By the New York Post Editorial Board
November 8, 2020
With several races still unresolved, Republicans are on track to make major gains in the House of Representatives — with women definitely leading the way.
Female candidates account for most of the seats that the GOP has wrested from the Democrats so far, and this year is likely to set a new record for the number of Republican women elected to the House (beating 2004’s 25). Two dozen have won already, and another seven may yet be declared the victors.
“The story of the night is the success of Republican women at the ballot box,” said Rep. Elise Stefanik (R-NY), who led the drive to recruit and elect more female candidates. “For all these naysayers, we have proven that strong, Republican women are the best candidates to put on the ballot.”
Several were sure things, running in safe red seats: Kat Cammack (Fla.), Marjorie Taylor Greene (Ga.), Mary Miller (Ill.-15), Lisa McClain (Mich.) and Diana Harshbarger (Tenn.).
But others beat longer odds, including (so far) New York’s own Nicole Malliotakis as well as Maria Elvira Salazar (Fla.), Victoria Spartz (Ind.), Ashley Hinson (Iowa), Michelle Fischbach (Minn.), Yvette Herrell (NM), Kendra Horn (Ind.), Nancy Mace (SC) and Beth Van Duyne (Texas). Nearly all of them unseated Democratic incumbents.
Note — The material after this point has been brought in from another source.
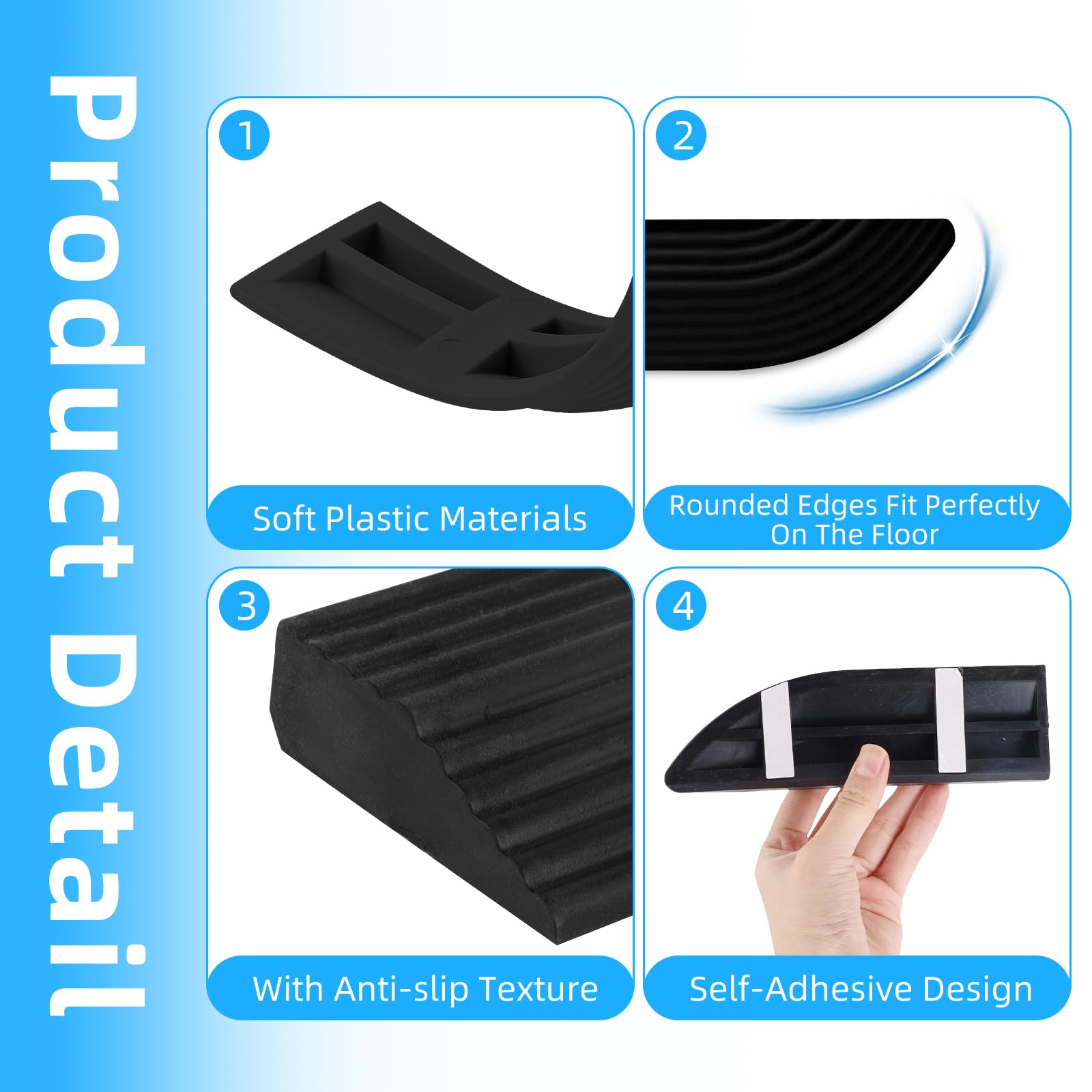 - Elastīga uzstādīšana un pielāgošanās iespējas: Segmentētais dizains (četras neatkarīgas daļas) piedāvā ārkārtīgi augstu elastību. Lietotāji var pielāgot uzstādīšanas izkārtojumu atbilstoši faktiskajai sliekšņa situācijai un viegli tikt galā ar dažāda augstuma un platuma sliekšņu radītajiem izaicinājumiem. Dizains ar slīpētām malām ir gluds. Tas ļauj robotam viegli pārvietoties mazās telpās, piemēram, vannas istabas durvīs, un no tām.

The 2019-20 House had just 13 Republican women; Stefanik’s leadership may well see that figure triple.
All this, when Democrats had been smugly predicting they’d gain House seats, with women leading the way. Speaker Nancy Pelosi boasted on Election Day, “Tonight, House Democrats are poised to further strengthen our majority — the biggest, most diverse, most dynamic, women-led House majority in history.”To be fair, it was a team GOP effort that went far beyond Stefanik’s work: “The Republican Party vowed to make gains among GOP women, and it did because it prioritized the problem,” Olivia Perez-Cubas, a spokeswoman for WFW Action Fund, a super PAC to elect conservative women, told The New York Times. “We’re seeing that Republican women will win.”
Consider it all a surprising-to-some spin on Bey-oncé’s anthem: “Who run the world? (Girls).”